The proposal is expected to be announced Tuesday. This follows the EU’s coal import ban agreed on in April.

The oil embargo will be the centerpiece of a sixth package of EU sanctions on Moscow over its invasion of Ukraine.

Monday, May 2

11:15 p.m. Hungary has moved its embassy in Ukraine back to Kyiv from Lviv as the capital’s security situation continues to improve, Hungarian Foreign Minister Peter Szijjarto says.

9:07 p.m. Efforts to evacuate more civilians from the devastated Ukrainian port city of Mariupol run into delays, and hundreds of people remain trapped in the Azovstal steel works, the last stronghold of resistance to the Russian siege. The cause of the holdup is unclear, though a city official says Russian forces resumed shelling the plant on Sunday after a convoy of buses had left.

5:30 p.m. Russia’s defense ministry says that the Russian military has shot down a Ukrainian MiG-29 fighter jet near Sloviansk in eastern Ukraine. The ministry says in a briefing it has hit 38 military targets in Ukraine, including ammunition depots and control centers.

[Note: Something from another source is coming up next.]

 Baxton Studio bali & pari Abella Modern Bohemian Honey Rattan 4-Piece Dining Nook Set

4:37 p.m. A Ukrainian Bayraktar drone destroyed two Russian Raptor-class patrol ships in the Black Sea on Monday, Ukraine’s military chief says. “Two Russian Raptor-class boats were destroyed at dawn today near Zmiinyi (Snake) Island,” Chief of General Staff Valeriy Zaluzhniy wrote on the Telegram messaging app. There was no immediate reaction from Moscow to the claim.


Ukraine says it has used a Bayraktar drone to destroy two Russian Raptor-class patrol ships in the Black Sea on Monday.

  © Reuters

4:03 p.m. Finland will decide to apply for NATO membership on May 12, Finnish newspaper Iltalehti reported late on Sunday, citing anonymous government sources. The decision to join will come in two steps on that day, with Finnish President Sauli Niinisto first announcing his approval for the Nordic neighbor of Russia to join the Western defense alliance, followed by parliamentary groups giving their approval for the application, the paper reported. Russia’s invasion of Ukraine has pushed Finland and Sweden to the verge of applying for NATO membership.

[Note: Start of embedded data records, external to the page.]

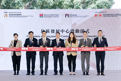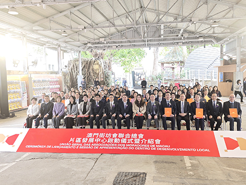 片區發展中心啟動儀式昨日上午11時在媽閣塘片區大鐵棚舉行,由中央政府駐澳門聯絡辦公室副秘書長黃華蓋、澳經濟及科技發展局局長邱潤華、旅遊局代局長司徒琳麗、中央政府駐澳門聯絡辦公室經濟金融部副部長楊全州、招商投資促進局主席謝永強、澳門街坊會聯合總會會長吳小麗及理事長陳家良等主禮。
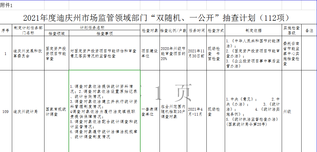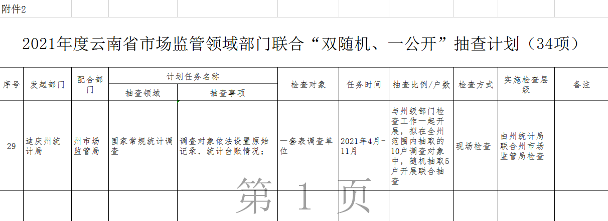 迪庆州统计局2021年“双随机、一公开“抽查计划
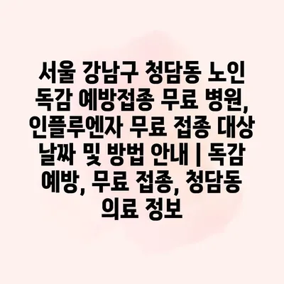 서울 강남구 청담동에서 노인 독감 예방접종을 무료로 제공하는 병원에 대한 정보입니다. 겨울철이 다가오면서 인플루엔자가 발생할 위험이 높아지는 시점입니다. 특히 노인분들은 면역력이 저하되어 감염에 취약하므로, 적절한… 더 보기 »서울 강남구 청담동 노인 독감 예방접종 무료 병원, 인플루엔자 무료 접종 대상 날짜 및 방법 안내 | 독감 예방, 무료 접종, 청담동 의료 정보

3:45 p.m. Ukraine could lose tens of millions of tons of grain due to Russia’s blockade of its Black Sea ports, triggering a food crisis that would affect Europe, Asia and Africa, President Volodymyr Zelenskyy says. “Russia does not let ships come in or go out. It is controlling the Black Sea,” Zelenskyy told the Australian news program 60 Minutes. “Russia wants to completely block our country’s economy.” Ukraine is a major exporter of grain and other food products and also of metals.

3:04 p.m. Ukraine will be able to go on the offensive against Russia between late May and mid-June, thanks to weapons supplied by the U.S. and European countries, Oleksiy Arestovich, an adviser to Ukrainian President Volodymyr Zelenskyy said in an online interview with Nikkei Asia. His remark suggests an acceleration in the pace of the war, as experts predict Russia will stage all-out attacks before its May 9 Victory Day, which commemorates the Soviet Union’s beating back Nazi Germany in World War II.

1:26 p.m. Russia’s unprovoked military aggression against Ukraine has come as a dire security warning for many countries. The horrifying destruction and huge casualties Ukraine has suffered have prompted political leaders around the world to start rethinking their security policies and strategies. Japan cannot remain insulated from the seismic shift triggered by the war in Ukraine. Nikkei commentator Hiroyuki Akita describes how the war underscores the urgency of buttressing the nation’s defense system and alliances. Read more.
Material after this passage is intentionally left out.